- **TASK TO CARRY OUT**
Make an exact copy of the lines from the top of the entries below through the line with "2026 전북특별자치도 관광굿즈 공모 공고". Leave all pictures out.

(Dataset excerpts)

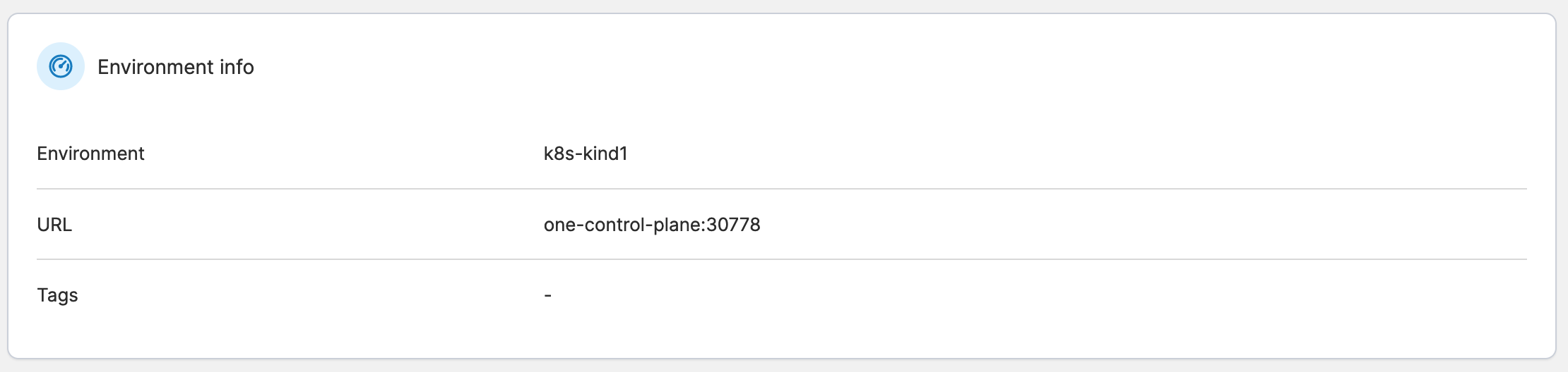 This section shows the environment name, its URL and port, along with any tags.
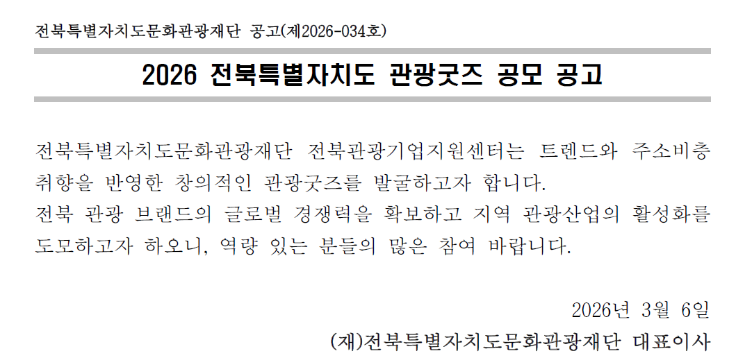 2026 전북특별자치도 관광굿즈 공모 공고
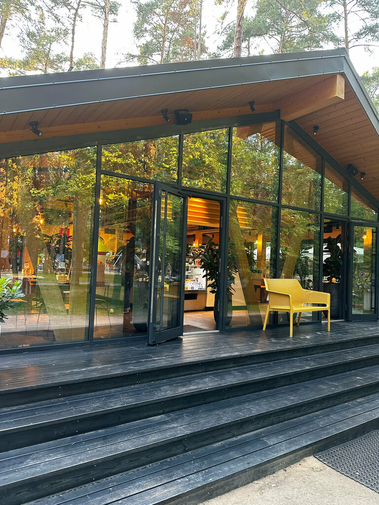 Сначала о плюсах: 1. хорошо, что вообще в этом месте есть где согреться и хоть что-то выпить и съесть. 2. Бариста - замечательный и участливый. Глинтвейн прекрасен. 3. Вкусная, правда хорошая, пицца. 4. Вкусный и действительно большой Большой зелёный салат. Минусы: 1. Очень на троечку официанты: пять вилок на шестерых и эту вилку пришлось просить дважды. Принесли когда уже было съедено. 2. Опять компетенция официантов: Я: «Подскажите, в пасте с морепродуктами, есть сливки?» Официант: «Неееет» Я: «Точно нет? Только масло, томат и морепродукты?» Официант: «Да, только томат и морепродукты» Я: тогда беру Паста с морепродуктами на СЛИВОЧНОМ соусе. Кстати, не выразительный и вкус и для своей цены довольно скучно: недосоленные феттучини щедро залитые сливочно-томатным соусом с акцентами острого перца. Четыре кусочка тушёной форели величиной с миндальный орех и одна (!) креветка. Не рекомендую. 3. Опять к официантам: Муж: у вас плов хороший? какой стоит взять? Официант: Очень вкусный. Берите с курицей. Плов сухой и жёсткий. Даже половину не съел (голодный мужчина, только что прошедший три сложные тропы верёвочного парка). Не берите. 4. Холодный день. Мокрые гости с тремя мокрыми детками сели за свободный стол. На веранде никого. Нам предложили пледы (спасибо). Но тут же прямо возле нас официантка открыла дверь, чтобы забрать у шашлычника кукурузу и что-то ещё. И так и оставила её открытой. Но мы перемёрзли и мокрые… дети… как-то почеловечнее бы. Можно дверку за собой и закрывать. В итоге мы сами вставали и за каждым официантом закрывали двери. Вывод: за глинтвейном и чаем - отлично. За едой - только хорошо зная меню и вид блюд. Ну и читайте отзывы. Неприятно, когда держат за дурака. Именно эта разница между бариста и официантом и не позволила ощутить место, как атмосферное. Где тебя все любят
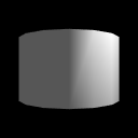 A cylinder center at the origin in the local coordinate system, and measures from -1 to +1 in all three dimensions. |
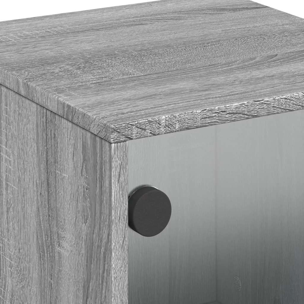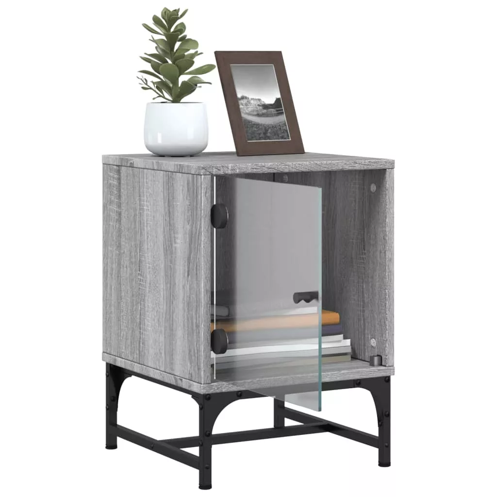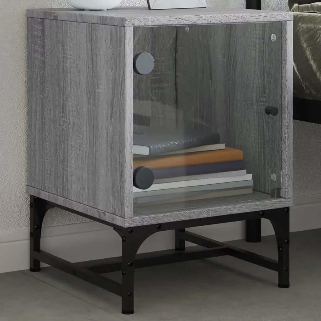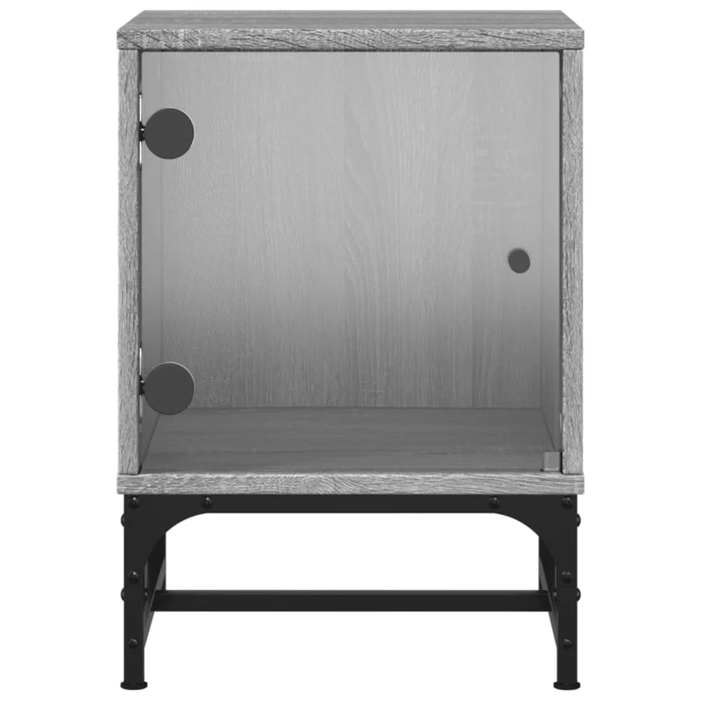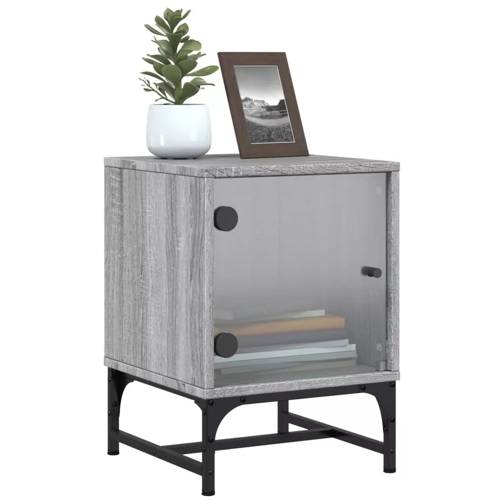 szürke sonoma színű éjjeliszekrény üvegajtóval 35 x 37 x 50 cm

- **ANSWER SECTION**
 This section shows the environment name, its URL and port, along with any tags.
 2026 전북특별자치도 관광굿즈 공모 공고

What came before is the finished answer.